I got this awhile back what I found out is that it's a 1954 .nice clean gun for age. I have been told Remington will never make the 39 what's your opinion and value of it. No gold trigger.


----------



## Muddy (May 7, 2017)

harryhunter said:


> I got this awhile back what I found out is that it's a 1954 .nice clean gun for age. I have been told Remington will never make the 39 what's your opinion and value of it. No gold trigger.


Do you have a picture?


----------



## harryhunter (Jun 15, 2014)

I can't get the pictures to come up on here


----------



## harryhunter (Jun 15, 2014)




----------



## cincinnati (May 24, 2004)

Have an identical one. Learned to shoot w/it & eventually passed to me from my Dad. Finest .22 ever made.


----------



## Muddy (May 7, 2017)

I’m not an expert on their value, but I haven’t seen one below $500 for quite some time. Most seem to be $600 plus. I almost bought a new one years ago when they were $200, but I liked the Browning BL22 better, so that’s what I bought.


----------



## harryhunter (Jun 15, 2014)

I remember years ago I bought a article 2 39 for a couple hundred. Killed slot of squirrels with that gun. That's why I got another one but didn't know that the value had gone up that much. Thanks for the information


----------



## Dovans (Nov 15, 2011)

There are so many variants of the Model 39. The original 39 fetchs upwards of 1500. Then Marlin started micro grooving or something and those issues tend to bring less. I've seen 39's go for 350 upwards to 1500.


----------



## Yakphisher (Jul 9, 2013)

Right now that particular model be right around $600+ to private sales but if you were to trade it in a lot less, but I wouldn't dare do that.
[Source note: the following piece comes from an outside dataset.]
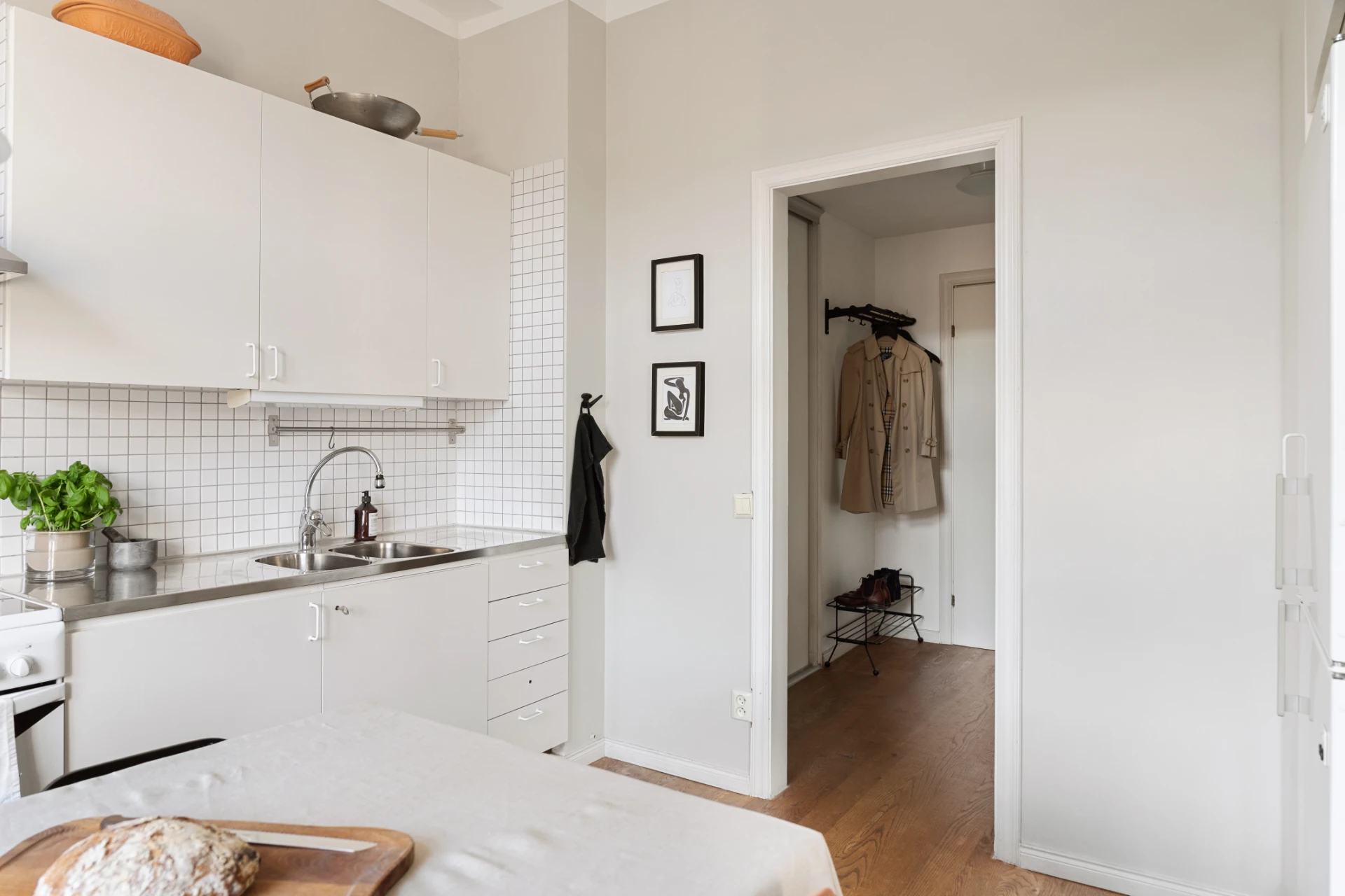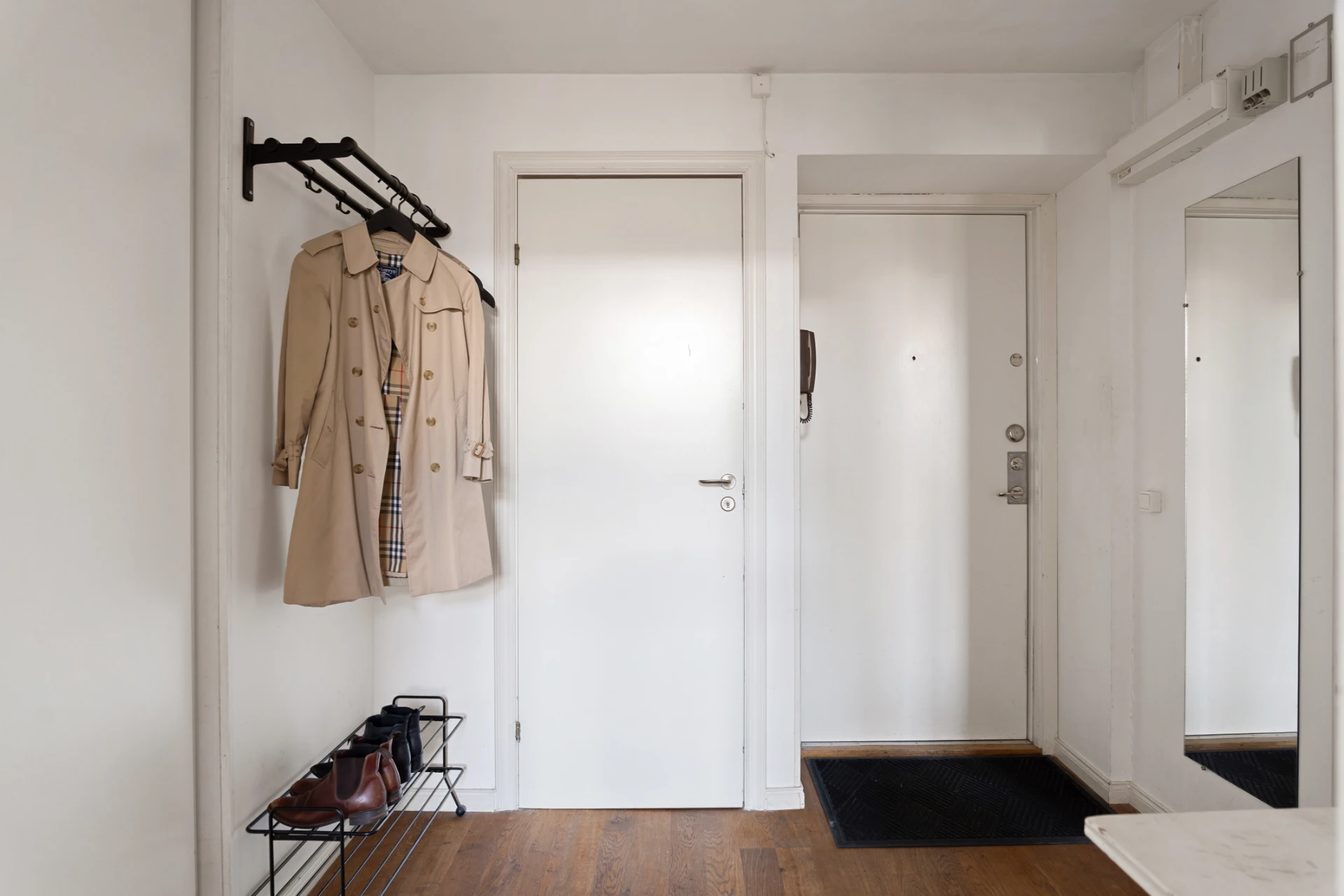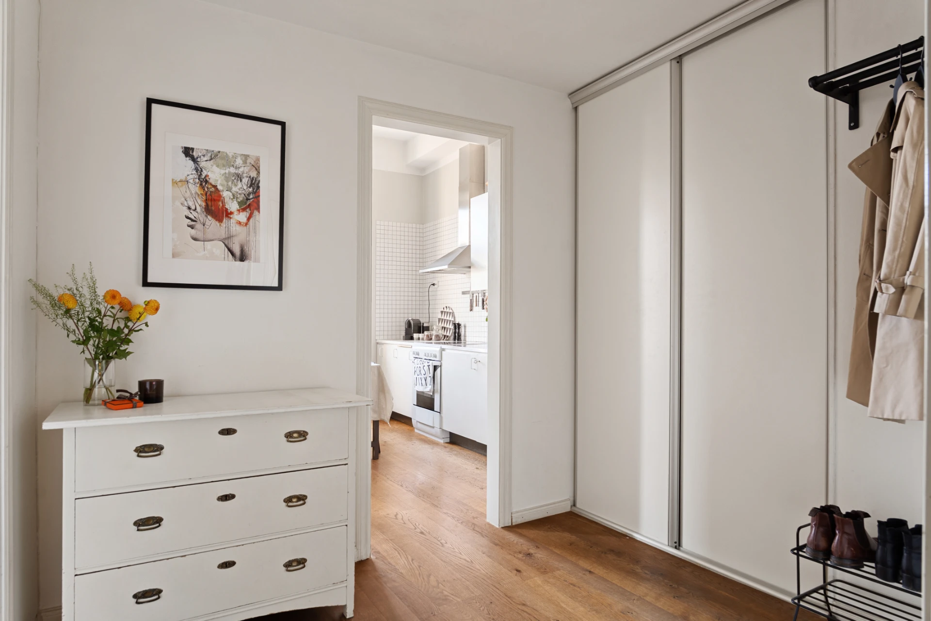 Ekparkett och ljust målade väggar. Plats för avhängning samt förvaring i skjutdörrsgarderob.

One of best well made guns you will ever find. My brother has mine as I picked a Win 9422 which I prefer due to its smoother operation and lighter weight. Enjoy it!


----------



## harryhunter (Jun 15, 2014)

Yakphisher said:


> Right now that particular model be right around $600+ to private sales but if you were to trade it in a lot less, but I wouldn't dare do that. One of best well made guns you will ever find. My brother has mine as I picked a Win 9422 which I prefer due to its smoother operation and ligh8ter weight. Enjoy it!


----------



## harryhunter (Jun 15, 2014)

OK thanks. I to have a win. 92 I like shooting groundhogs with 25 - 20 Oct barrel


----------



## Drm50 (Dec 26, 2014)

Going by pictures and date I would say $600 would be a reasonable price. I have one I bought new in 70s. I got a deal on it from distributor changing out their display rack guns. I bought it because my kids were in cowboy stage and were on me to take out my old 1897 Marlin I've had since I was 5. I was afraid of it getting damaged. It wasn't long before they wanted to shoot 10/22s with 30shot mags so the 39 didn't get much wear. It hasn't been shot 1000 rds yet.


----------



## shot1buck (Feb 23, 2011)

Cheapest I see them around the CLE is $500 so $500-$700 is on point. I picked one up at gun show 1 1/2 years ago for $260 had the lever jammed open and had been parkerized it has the deluxe checkered wood stock. Missing the from mag tube ring but I bought a new one and just waiting to put it on. It was a broken pin that kept the lever open so I feel i got a great deal on it. Functionally fine at this point as far as I can tell. Haven’t shot it yet but I will eventually. It does have a nice smooth action


----------



## bulafisherman (Apr 11, 2004)

I have a 39M, bought it in the the late 80s, best 22 I have ever owned, a tack driver, shot a lot of squirrel and rabbit with it. I will never sell it, it will get passed on to one of my sons. Enjoy yours


----------